Sou obrigado a reconhecer isso ao notar a aproximação e a trivialização de demonstrações de racismo e de preconceito. Em pleno ano de 2014, em pleno Rio Grande do Sul, em plena Região Central do Estado, poucos dias atrás, um vereador negro de São Vicente do Sul, o companheiro Joel Marques, foi vítima de ofensas de cunho racista dentro do próprio Parlamento Municipal, no momento que destacava a relevância do Dia Nacional da Consciência Negra. E o mais grave: a injúria partiu de um colega de vereança.
Quando nos deparamos com um fato como esse, que transcorreu em meio a uma sessão plenária pública e cujo áudio está gravado integralmente, o primeiro sentimento é o de desolação e de impotência. Se numa Câmara de Vereadores, que é o palco da democracia, o racismo se manifesta de forma tão explícita, é de se imaginar o que pode acontecer em outros locais onde a pluralidade de opiniões é mais restrita.
Porém, o sentimento não deve ser de resignação. O sentimento deve ser de reação e de ação contra a discriminação. Corretamente, a própria vítima do caso denunciou o fato ao Ministério Público e a Polícia Civil e cobrará a devida reparação a ele e a sua família, tendo em vista que a sua esposa e a sua filha também foram atingidas pelas ofensas. Nós, na condição de vice-presidente da Comissão de Direitos Humanos da Assembleia Legislativa, relatamos a vergonhosa ocorrência ao Parlamento. O repúdio dos deputados foi geral e a Assembleia encaminhará uma moção de solidariedade ao vereador Joel.

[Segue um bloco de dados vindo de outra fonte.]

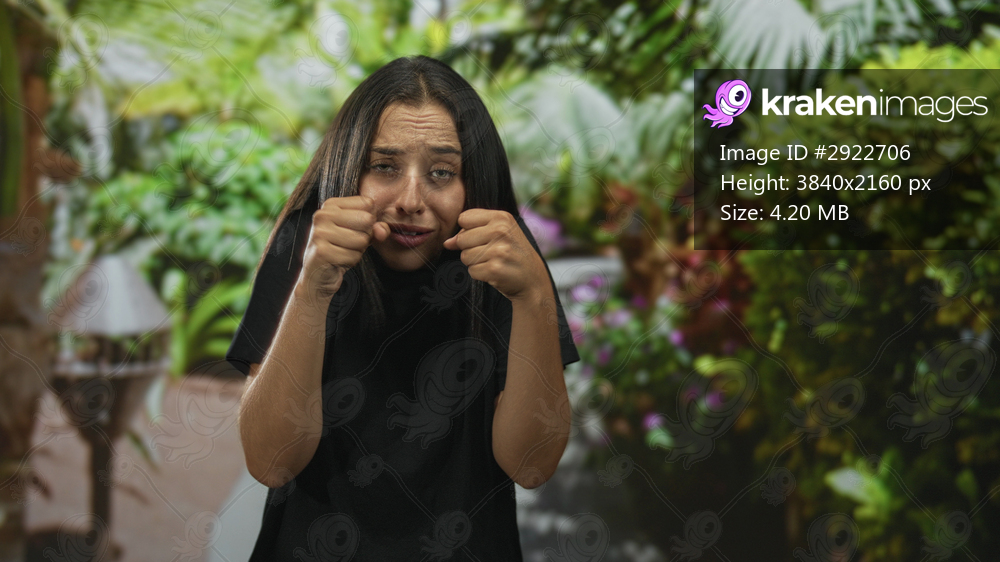 Young hispanic woman with fists pressed to face and visible hands in park with green foliage and a walkway; tired reflection.

No entanto, tão relevante quanto nos determos neste caso peculiar, é observar que, ao contrário do que alguns setores entendem, o tema do preconceito é, de fato, um problema concreto no Brasil e no Rio Grande. Ainda não chegamos ao ponto de, como acontece na Europa, vaiarmos jogadores negros em estádios de futebol pelo simples fato de estarem ali, vivos e competindo como qualquer outra pessoa. Porém, o racismo ainda está enraizado no país e, por vezes, emerge de modo abrupto. Isto precisa ser combatido. Combatido no campo das ideias e pela via da não-violência, como bem ensinou Luther King.
Por isso, fica o nosso repúdio ao que se passou na Câmara de São Vicente do Sul e o nosso total apoio à ampliação do debate acerca da promoção da igualdade racial e ao aprimoramento das políticas públicas afirmativas. O mesmo mundo que no passado dedicou vidas para barrar o nazismo, o fascismo e o apartheid tem o dever hoje de continuar lutando para que essas ameaças à igualdade jamais tenham condições de buscar novamente a hegemonia e o reconhecimento social. Aqueles que classificam isso como um tema menor devem procurar saber, com detalhes, o que o vereador Joel, eleito pelo povo, escutou no próprio local onde trabalha, no dia 25 de novembro de 2013.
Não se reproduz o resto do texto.